# below deck auto pilots



## captcleef (Oct 27, 2013)

Hi all, I'm a new member and bought a Bristol 40 "82" a month ago. Currently learning her characteristics/systems and would like to know if anyone out there has any experience installing a below deck (Garmin) AUTOPILOT. I can do all the electrical and mounting except one portion. I don't have any idea what or how a device attaches to the rudder. I've installed a wheel type and found the job wasn't bad, but this 40 is too heavy so I'm going with a Garmin. Please, any help out there would be greatly appreciated. BTW raymarine is out because I have to exchange a hydraulic (new in box) model purchased for my powerboat I sold for a sailboat type.


----------



## eherlihy (Jan 2, 2007)

The Garmin GHP12 (for sailboats) requires a drive unit to connect to the rudder quadrant.


----------



## knuterikt (Aug 7, 2006)

captcleef said:


> Hi all, I'm a new member and bought a Bristol 40 "82" a month ago. Currently learning her characteristics/systems and would like to know if anyone out there has any experience installing a below deck (Garmin) AUTOPILOT. I can do all the electrical and mounting except one portion. I don't have any idea what or how a device attaches to the rudder. I've installed a wheel type and found the job wasn't bad, but this 40 is too heavy so I'm going with a Garmin. Please, any help out there would be greatly appreciated. BTW raymarine is out because I have to exchange a hydraulic (new in box) model purchased for my powerboat I sold for a sailboat type.

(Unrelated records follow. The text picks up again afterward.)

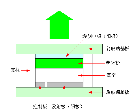 SED(Surface-conduction Electron-emitter Display)顯示器是東芝公司的技術(shù),目前大家都公認(rèn),SED顯示圖像的質(zhì)量水平是最好的。它采用表面?zhèn)鲗?dǎo)電子發(fā)射顯示技術(shù),屬于場(chǎng)致發(fā)射顯示,是一種主動(dòng)發(fā)光的顯示技術(shù)。SED顯示器前玻璃基板上涂有紅、綠、藍(lán)三色熒光粉,并作為陽(yáng)極相對(duì)后玻璃基板加有幾千伏的高壓。通過(guò)絲網(wǎng)印刷法在后玻璃基板上制作對(duì)應(yīng)每個(gè)像素的金屬電極,并用噴墨印刷的方法在金屬電極間制作氧化鈀薄膜電子發(fā)射陰極。生成了氧化鈀膜的金屬電極間距只有4-6納米,當(dāng)金屬電極間加上十幾伏的電壓后,極間將形成超高電場(chǎng),氧化鈀膜中的電子會(huì)被牽引出來(lái),形成電子發(fā)射。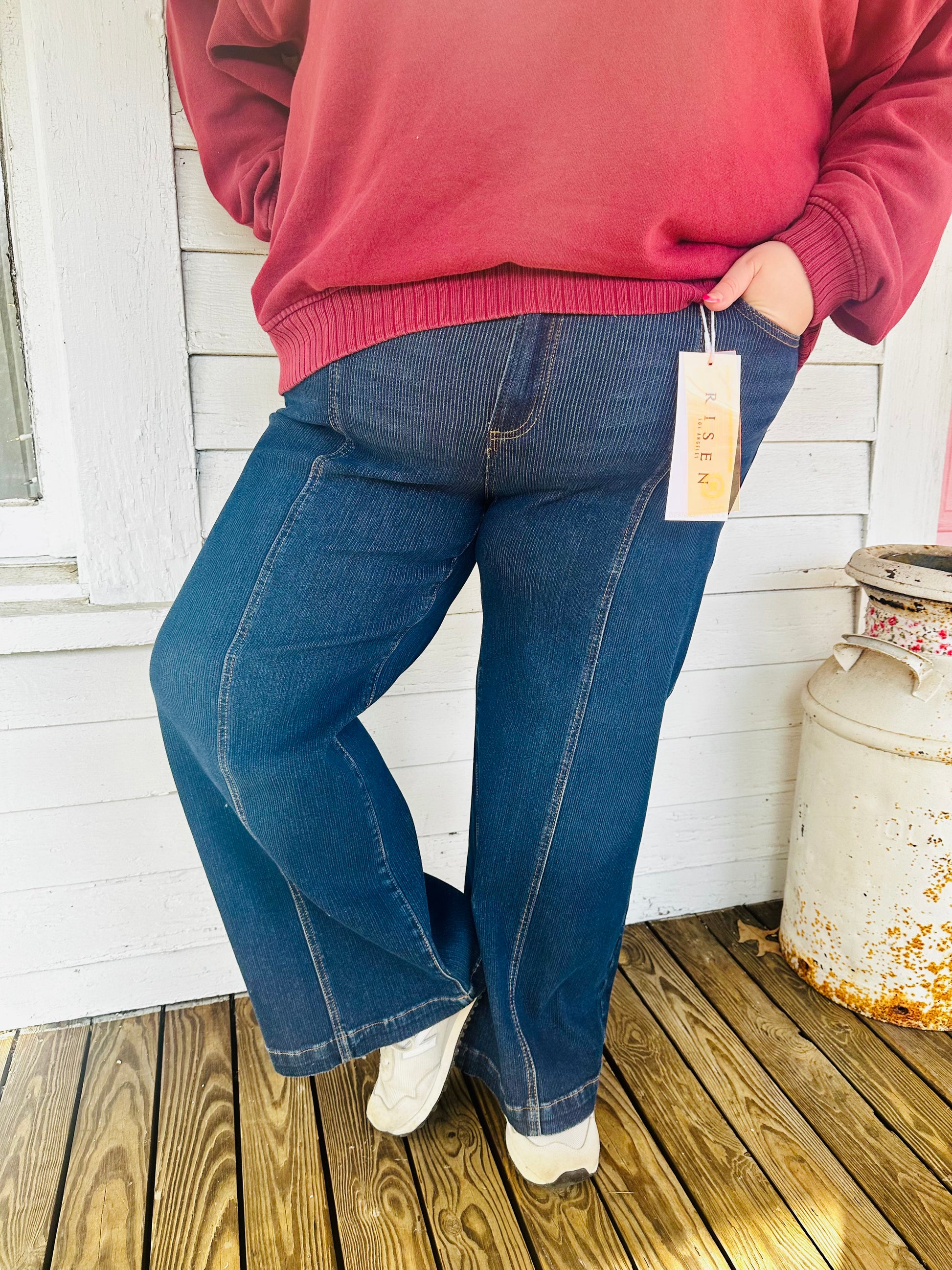 Mid Rise Crop Wide Front Seamed Detailed Jeans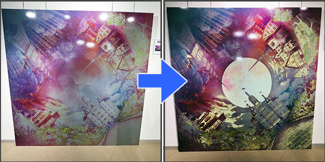 スマートフォンでフラッシュ撮影することで、見えているデザインと異なるデザインが写る印刷技術です。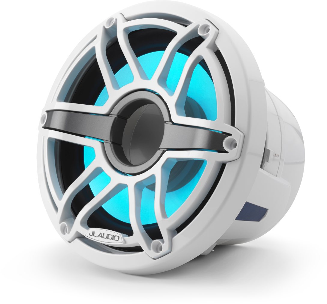 Purpose-engineered and built for real marine duty, the M6 infinite-baffle woofers are designed to operate without a dedicated enclosure. Long excursion capability and rugged suspension systems help produce deep, powerful bass response that will transform your boat's audio system. This model also features the added visual impact of JL Audio’s Transflective™ RGB LED lighting, a patent-pending technology that emits a smooth lighting effect through the woofer cone, with a choice of several lighting colors. Add an optional RGB controller to create thousands of color variations. Professional installation is strongly recommended.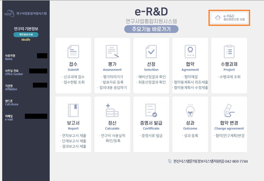 상단의 e-R&D 메인화면으로 이동을 선택합니다.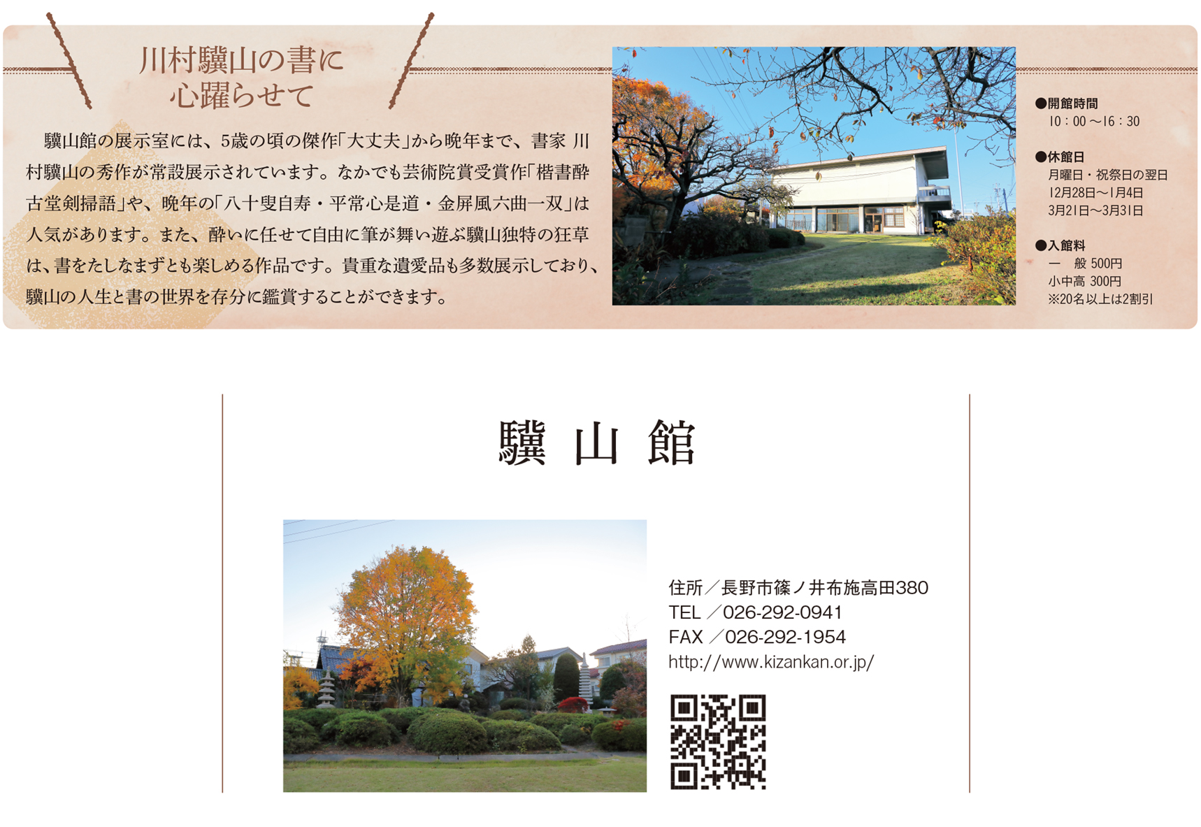昭和37(1962)年に開館した「驥山館」は、地域の方たちとのご縁や寄付で建てられた、おそらく日本で初めての「書家」専門の美術館です。静岡県で生まれた川村驥山が、第2次世界大戦の際に疎開してきたのが篠ノ井。私が知っているのは晩年の頃ですが、背の小さなおじいさんでね。自分の体よりも長い杖をついて、よく近所を散歩していました。お酒が大好きで、みんなから親しまれ、愛される存在だったと思います。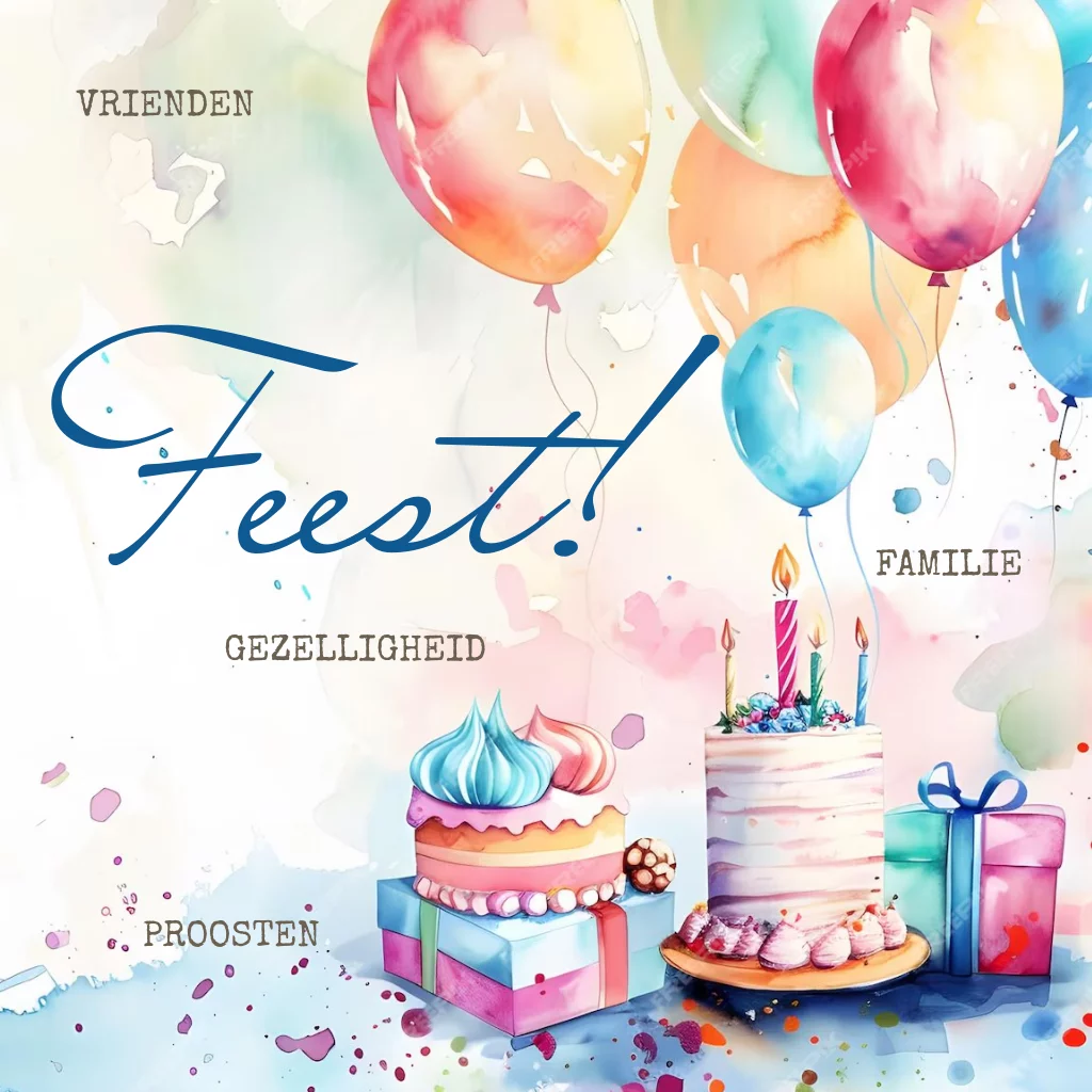 Feestelijke uitnodiging in aquarel voor een verjaardag of ander feestje met ballonnen, taart en cadeautjes. (24678)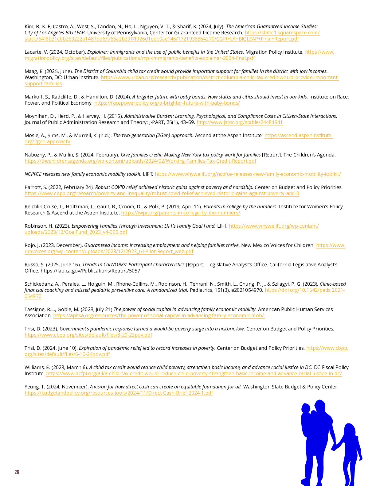 L., Nguyen, V. T., & Sharif, K. (2024, July). The American Guaranteed Income Studies: City of Los Angeles BIG:LEAP. University of Pennsylvania, Center for Guaranteed Income Research. https://static1.squarespace.com/ static/64f8b31cbb263222a1487bd6/t/66a2b39f7f926d1eeb0ae146/1721938864270/CGIR+LA+BIGLEAP+Final+Report.pdf Lacarte, V. (2024, October). Explainer: Immigrants and the use of public benefits in the United States. Migration Policy Institute. https://www. migrationpolicy.org/sites/default/files/publications/mpi-immigrants-benefits-explainer-2024-final.pdf Maag, E. (2025, June). The District of Columbia child tax credit would provide important support for families in the district with low incomes. Washington, DC: Urban Institute. https://www.urban.org/research/publication/district-columbia-child-tax-credit-would-provide-important- support-families Markoff, S., Radcliffe, D., & Hamilton, D. (2024). A brighter future with baby bonds: How states and cities should invest in our kids. Institute on Race, Power, and Political Economy. https://racepowerpolicy.org/a-brighter-future-with-baby-bonds/ Moynihan, D., Herd, P., & Harvey, H. (2015). Administrative Burden: Learning, Psychological, and Compliance Costs in Citizen-State Interactions. Journal of Public Administration Research and Theory: J-PART, 25(1), 43–69. http://www.jstor.org/stable/24484941 Mosle, A., Sims, M., & Murrell, K. (n.d.). The two-generation (2Gen) approach. Ascend at the Aspen Institute. https://ascend.aspeninstitute. org/2gen-approach/ Nabozny, P., & Mullin, S. (2024, February). Give families credit: Making New York tax policy work for families [Report]. The Children’s Agenda. https://thechildrensagenda.org/wp-content/uploads/2024/02/Working-Families-Tax-Credit-Report.pdf NCPFCE releases new family economic mobility toolkit. LIFT. https://www.whywelift.org/ncpfce-releases-new-family-economic-mobility-toolkit/ Parrott, S. (2022, February 24). Robust COVID relief achieved historic gains against poverty and hardship. Center on Budget and Policy Priorities. https://www.cbpp.org/research/poverty-and-inequality/robust-covid-relief-achieved-historic-gains-against-poverty-and-0 Reichlin Cruse, L., Holtzman, T., Gault, B., Croom, D., & Polk, P. (2019, April 11). Parents in college by the numbers. Institute for Women’s Policy Research & Ascend at the Aspen Institute. https://iwpr.org/parents-in-college-by-the-numbers/ Robinson, H. (2023). Empowering Families Through Investment: LIFT’s Family Goal Fund. LIFT. https://www.whywelift.org/wp-content/ uploads/2023/12/GoalFund_2023_v4-005.pdf Rojo, J. (2023, December). Guaranteed income: Increasing employment and helping families thrive. New Mexico Voices for Children. https://www. nmvoices.org/wp-content/uploads/2023/12/2023_GI-Pilot-Report_web.pdf Russo, S. (2025, June 16). Trends in CalWORKs: Participant characteristics [Report]. Legislative Analyst’s Office. California Legislative Analyst’s Office. https://lao.ca.gov/Publications/Report/5057 Schickedanz, A., Perales, L., Holguin, M., Rhone-Collins, M., Robinson, H., Tehrani, N., Smith, L., Chung, P. J., & Szilagyi, P. G. (2023). Clinic-based financial coaching and missed pediatric preventive care: A randomized trial. Pediatrics, 151(3), e2021054970. https://doi.org/10.1542/peds.2021- 054970 Tassigne, R.L., Goble, M. (2023, July 21) The power of social capital in advancing family economic mobility. American Public Human Services Association. https://aphsa.org/resources/the-power-of-social-capital-in-advancing-family-economic-mob/ Trisi, D. (2023). Government’s pandemic response turned a would‑be poverty surge into a historic low. Center on Budget and Policy Priorities. https://www.cbpp.org/sites/default/files/8-29-23pov.pdf Trisi, D. (2024, June 10). Expiration of pandemic relief led to record increases in poverty. Center on Budget and Policy Priorities. https://www.cbpp. org/sites/default/files/6-10-24pov.pdf Williams, E. (2023, March 6). A child tax credit would reduce child poverty, strengthen basic income, and advance racial justice in DC. DC Fiscal Policy Institute. https://www.dcfpi.org/all/a-child-tax-credit-would-reduce-child-poverty-strengthen-basic-income-and-advance-racial-justice-in-dc/ Yeung, T. (2024, November). A vision for how direct cash can create an equitable foundation for all. Washington State Budget & Policy Center. https://budgetandpolicy.org/resources-tools/2024/11/Direct-Cash-Brief-2024-1.pdf 28

I have installed a Jefa drive unit, Garmin call this unit "Class A Drive Unit for GHP 12". https://buy.garmin.com/en-US/US/sho...e-unit-for-ghp-12/prod74203_010-11572-00.html

The Garmine unit have a built in rudders sensor making the install a little bit easier.

Wrote a thread about this project here. Upgrading the autopilot with a new linear drive

There are two ways you can connect the linear drive to the rudder
- Connect to the existing quadrant (need a quadrant that can take the load)
- Install a short tiller for the drive unit

The tricky part it find the best location.
I downloaded drawings from Jefa rudder and steering systems - used these to make templates I could use to determine the best location.

Lots of pictures in the thread above.


----------